• _Task prompt_:
Every entry below is to be copied word for word, with its pictures removed.

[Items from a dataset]
⟨

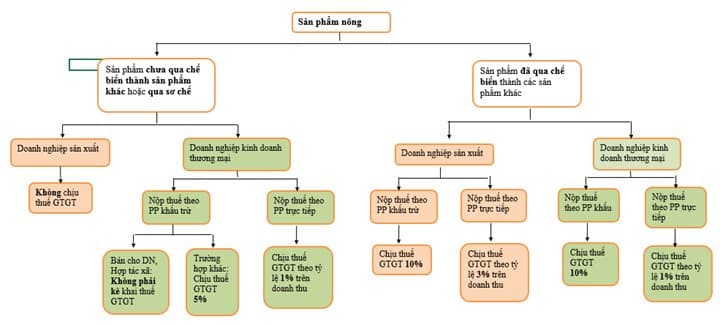 Trường hợp doanh nghiệp, hợp tác xã nộp thuế GTGT theo phương pháp khấu trừ bán sản phẩm trồng trọt, chăn nuôi, thủy sản chưa chế biến thành các sản phẩm khác hoặc chỉ qua sơ chế thông thường cho các đối tượng khác như hộ, cá nhân kinh doanh và các tổ chức, cá nhân khác thì phải kê khai, tính nộp thuế GTGT theo mức thuế suất 5%
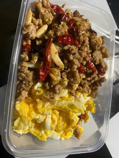 บังเอิญเจอร้านนี้ในไลน์แมน เลยจัดไป3เมนู เด็ดทุกเมนูคะ ส่วนตัวชอบสุดคือข้าวหมูสับผัดพริกกระเทียมไข่ขยี้ ถูกใจมากคะเป็นคนไม่กินใบกระเพราไปสั่งผัดกระเพราไม่ใส่ใบกระเพราก้ไม่ได้รสชาตินี้คะ ฝากตัวเป็นลูกค้าอีก1คนนะคะ 3เมนูเด็ดถูกปากทุกเมนูคะดูเพิ่มเติม
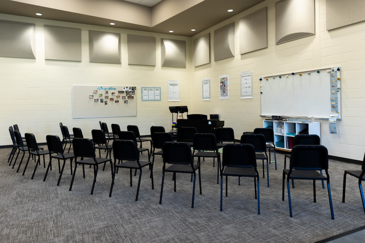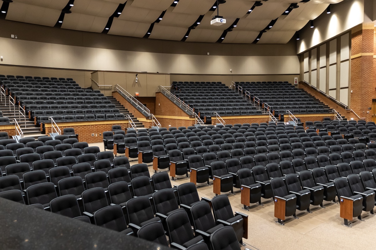 The new facility houses the band, chorus, and theatre, and seats about 720 people for performances. The Center is built where the baseball field was once located. The baseball and softball fields have been moved to the left of the football field.
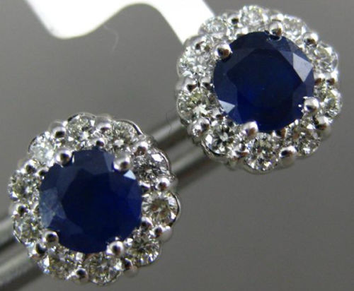 ESTATE 14KT WHITE GOLD EARRINGS. 3D ROUND FLOWER DESIGN. DIAMONDS ARE F/G COLOR, VSSI CLARITY .40 CARATS. AAA SAPPHIRES ARE 1.05 CARATS. MEASURES 8mm X 8mm. WRITTEN APPRAISAL AVAILABLE. COMES IN A PRESENTABLE GIFT BOX.
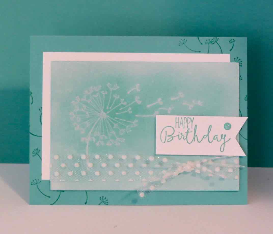 I love the dandelion stamp set because I can use it for a variety of techniques. This technique is called ghosting.
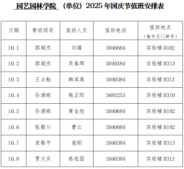 2025年国庆、中秋节值班安排
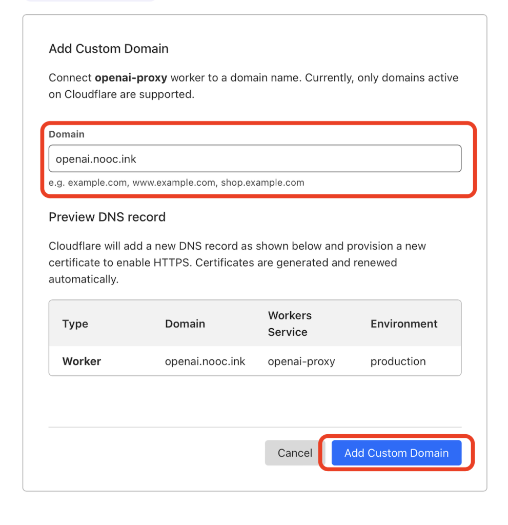 至此便大功告成。等待片刻,应该就可以通过你自己的域名来代替 OpenAI 的 API 地址了,比如在本文的例子中,想要请求 ChatGPT 的 API ,即是把官方 API 地址 https://api.openai.com/v1/chat/completions 换为我自己的域名 https://openai.nooc.ink/v1/chat/completions ,其他参数均参照官方示例即可。由于 Cloudflare 有每天免费 10 万次的请求额度,所以轻度使用基本是零成本的。⚠️ 注意请不要使用我这里的 openai.nooc.ink,因为随时可能会被我关闭🤪
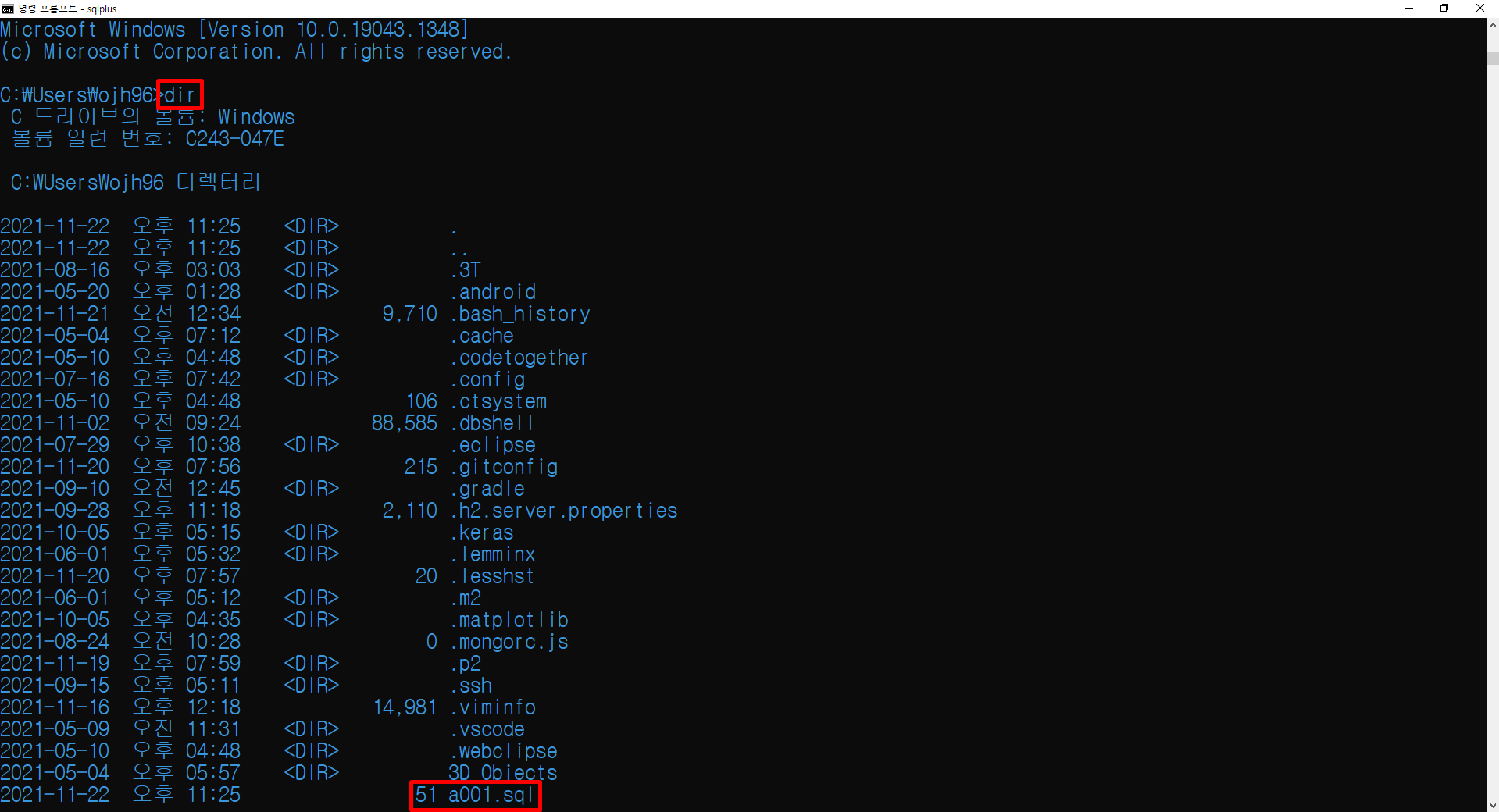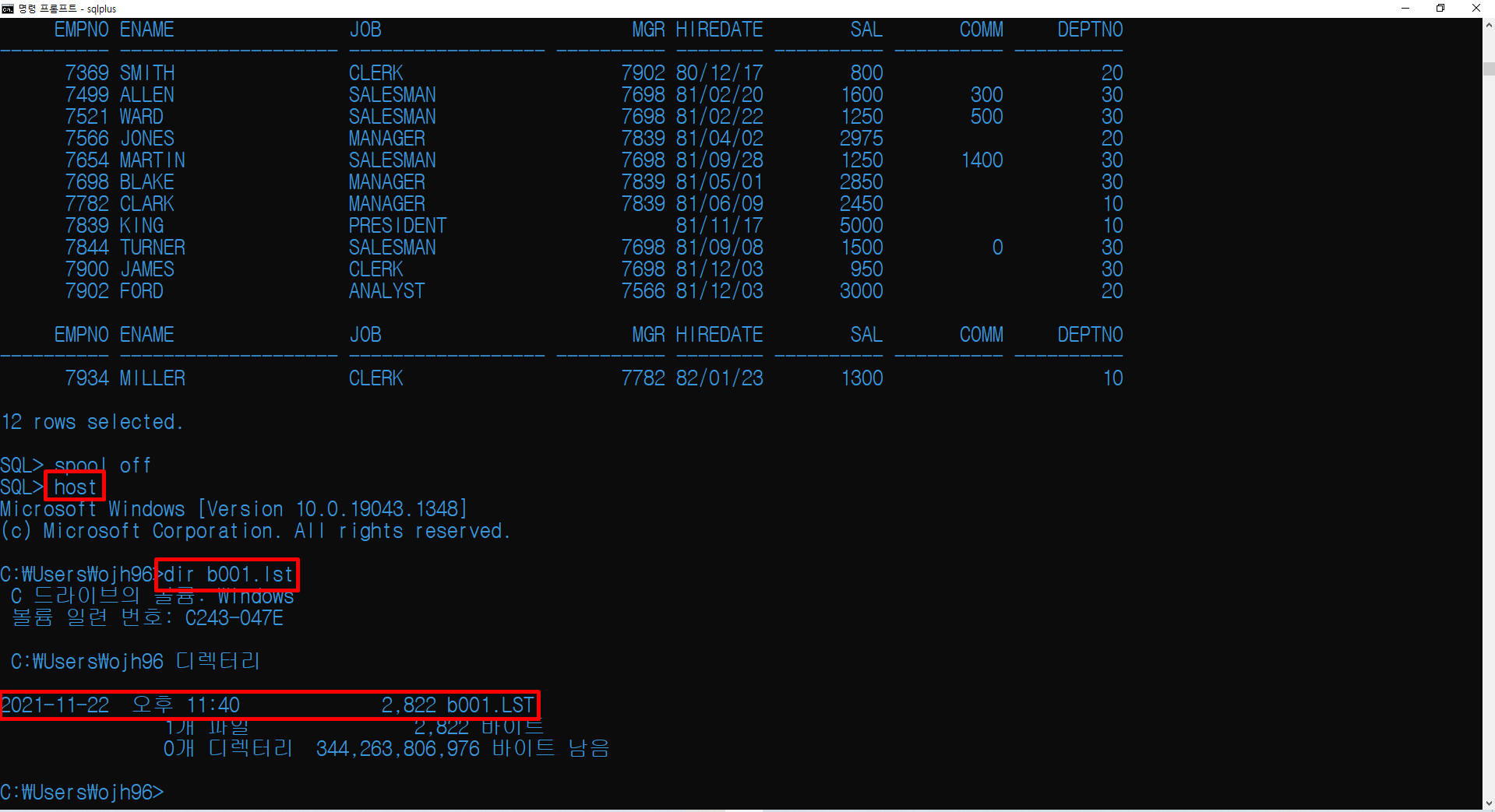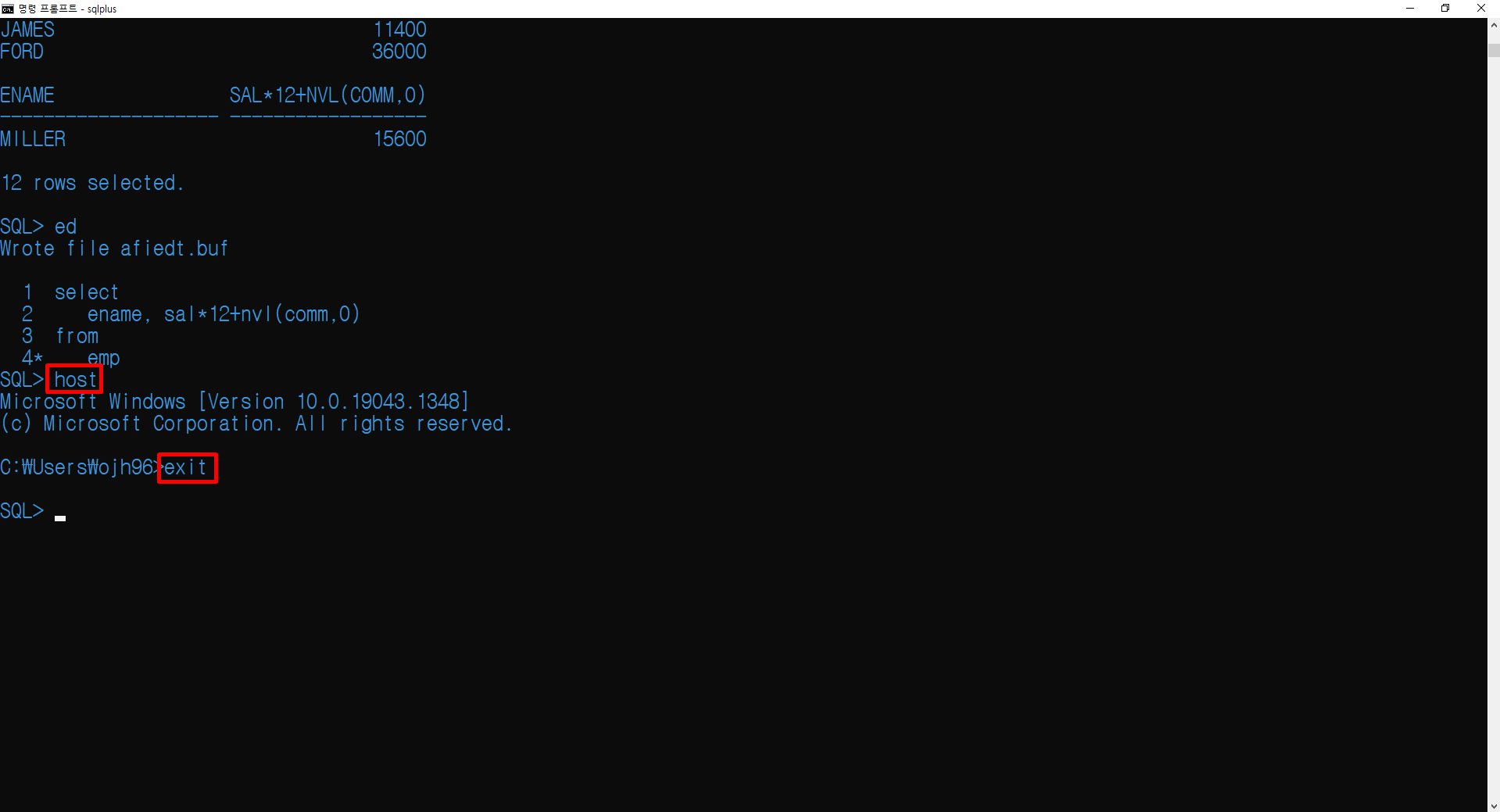 OS 환경을 사용하기 위해 HOST 명령어를 통해 DOS 환경으로 나갈 수 있고 EXIT 명령어를 통해 다시 SQL 환경으로 돌아올 수 있습니다.
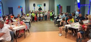 Avec 110 convives présents, la salle affichait complet. Le repas a contribué à installer une ambiance chaleureuse dès les premières minutes.

⟩

• _Written response_:
 Trường hợp doanh nghiệp, hợp tác xã nộp thuế GTGT theo phương pháp khấu trừ bán sản phẩm trồng trọt, chăn nuôi, thủy sản chưa chế biến thành các sản phẩm khác hoặc chỉ qua sơ chế thông thường cho các đối tượng khác như hộ, cá nhân kinh doanh và các tổ chức, cá nhân khác thì phải kê khai, tính nộp thuế GTGT theo mức thuế suất 5%
 บังเอิญเจอร้านนี้ในไลน์แมน เลยจัดไป3เมนู เด็ดทุกเมนูคะ ส่วนตัวชอบสุดคือข้าวหมูสับผัดพริกกระเทียมไข่ขยี้ ถูกใจมากคะเป็นคนไม่กินใบกระเพราไปสั่งผัดกระเพราไม่ใส่ใบกระเพราก้ไม่ได้รสชาตินี้คะ ฝากตัวเป็นลูกค้าอีก1คนนะคะ 3เมนูเด็ดถูกปากทุกเมนูคะดูเพิ่มเติม
 The new facility houses the band, chorus, and theatre, and seats about 720 people for performances. The Center is built where the baseball field was once located. The baseball and softball fields have been moved to the left of the football field.
 ESTATE 14KT WHITE GOLD EARRINGS. 3D ROUND FLOWER DESIGN. DIAMONDS ARE F/G COLOR, VSSI CLARITY .40 CARATS. AAA SAPPHIRES ARE 1.05 CARATS. MEASURES 8mm X 8mm. WRITTEN APPRAISAL AVAILABLE. COMES IN A PRESENTABLE GIFT BOX.
 I love the dandelion stamp set because I can use it for a variety of techniques. This technique is called ghosting.
 2025年国庆、中秋节值班安排
 至此便大功告成。等待片刻,应该就可以通过你自己的域名来代替 OpenAI 的 API 地址了,比如在本文的例子中,想要请求 ChatGPT 的 API ,即是把官方 API 地址 https://api.openai.com/v1/chat/completions 换为我自己的域名 https://openai.nooc.ink/v1/chat/completions ,其他参数均参照官方示例即可。由于 Cloudflare 有每天免费 10 万次的请求额度,所以轻度使用基本是零成本的。⚠️ 注意请不要使用我这里的 openai.nooc.ink,因为随时可能会被我关闭🤪
 OS 환경을 사용하기 위해 HOST 명령어를 통해 DOS 환경으로 나갈 수 있고 EXIT 명령어를 통해 다시 SQL 환경으로 돌아올 수 있습니다.
 Avec 110 convives présents, la salle affichait complet. Le repas a contribué à installer une ambiance chaleureuse dès les premières minutes.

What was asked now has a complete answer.